This is my annual futile attempt to propose to the NFL that it is time to consider reseeding the playoffs once the teams have been established.
How Billick would reseed playoffs
Teams would get in by winning the division and there would be two wild cards, exactly like it is now. Once the playoff field is set, the six teams in each conference already in the field are then seeded based on overall record. So, theoretically, a 10-6 division winner could be a No. 5 seed, and an 11-5 wild-card team could be a No. 4 seed.
The argument for the current system seems to be a singular one -- that there needs to be a substantial incentive to win a division, thus guaranteeing at least one home game. The fear is that winning a division will diminish in importance if that carrot is removed.
Really? A pass into the playoffs where everyone is alive isn't enough incentive to put your best effort out there? The opposite is true. If the playoffs were reseeded, you would see an additional two or three games, going into the last weekend, have more meaning.
Case in point are the Houston Texans. At 10-5, they are guaranteed the No. 3 seed regardless of what transpires this weekend against the Titans. In addition, the Titans have a not-so-unrealistic chance of grabbing a wild-card spot with a win. If I am the Oakland Raiders or the New York Jets, who both need the Titans to lose to have a shot at the postseason, it just doesn't seem right that they are playing a team that has no vested interest in winning the game.

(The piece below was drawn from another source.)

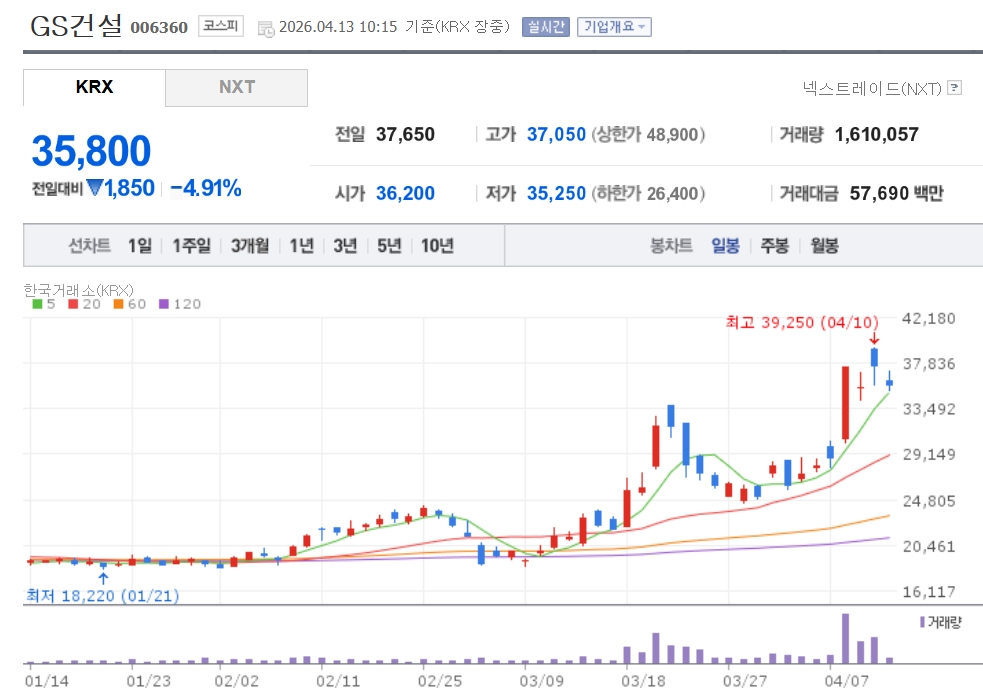 이미지 확대보기13일 한국거래소에 따르면 오전 10시 15분 현재 GS건설은 전장대비 4.91% 빠진 3만5800원을 기록중이다. 현대건설(-3.68%), 삼성물산(-1.82%) 등 다른 재건 관련 종목들도 하락 추세를 보이고 있다.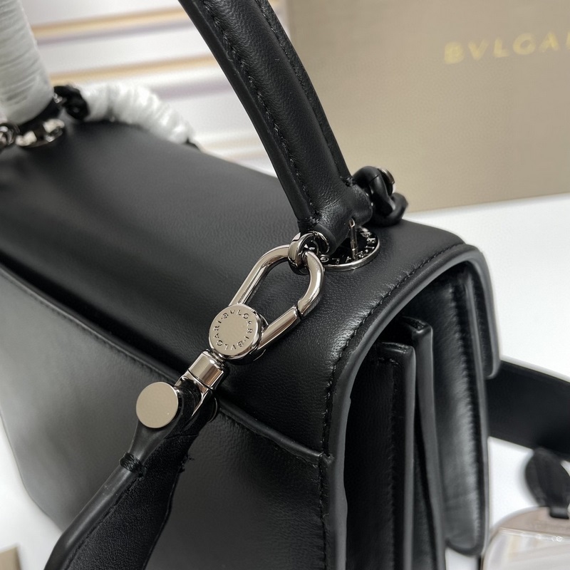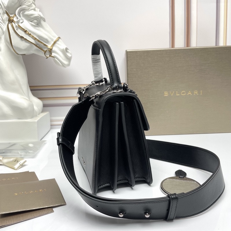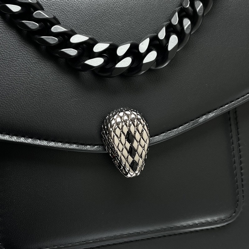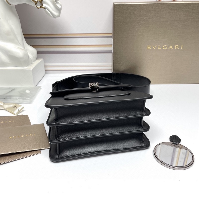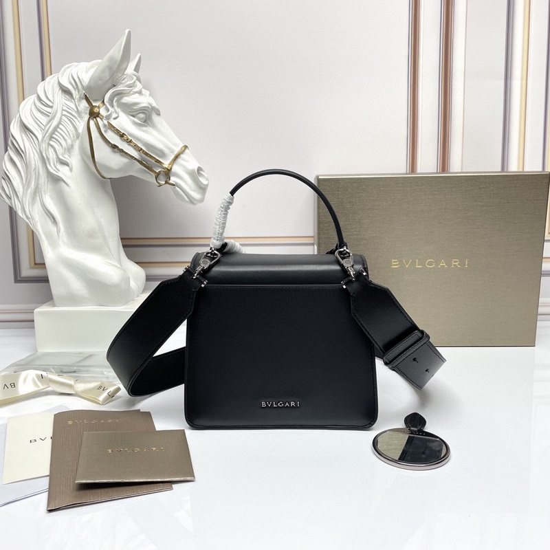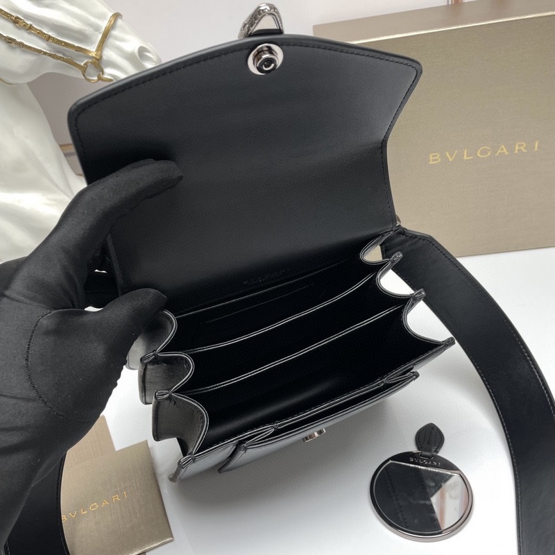 An inner mirror pocket, a front pocket and a back patchwork pocket

In both conferences, the No. 4 seed is either going to be 8-8 or 9-7, whether it's Denver or Oakland in the AFC or Dallas or the N.Y. Giants in the NFC. In both cases, they will be hosting the fifth seed, who will have a better record. Either Detroit will be 11-5 or 10-6, and Atlanta will be 10-6. In the AFC, an 11-5 or 12-4 Pittsburgh Steelers team will go to the winner of the AFC West or the 11-5 Baltimore Ravens will.
The value of divisional wins has already been diminished with the possibility of an 0-6 divisional team sweeping the remaining 10 games and going 10-6. Last year the Kansas City Chiefs won the division at 10-6, but only went 2-4 in the AFC West.
Of course the poster child for those who say the division winner should get a home playoff game was the 2010 Seattle Seahawks, who won the anemic NFC West with a 7-9 record. The 11-5 New Orleans Saints had to go on the road to Seattle and promptly lost 41-36 to the Seahawks. No one is arguing that in today's NFL any team can't beat any other team on any given day. It still does not justify that a team with a lesser record should get a home playoff game.
The NFL has done a tremendous job of pushing divisional games to the back of the schedule forcing teams to win within the division to claim the crown or make the playoffs. Going into last week's games, 22 teams still had a chance at the playoffs. I am not suggesting that if the league goes to this format that they can push those kinds of numbers to the last game of the season, but they would certainly increase substantially the number of games that would have real meaning and create more competitive games in the final week of the season. There are only 16 games in a season, and it should be the goal to make as many of them as possible have real meaning.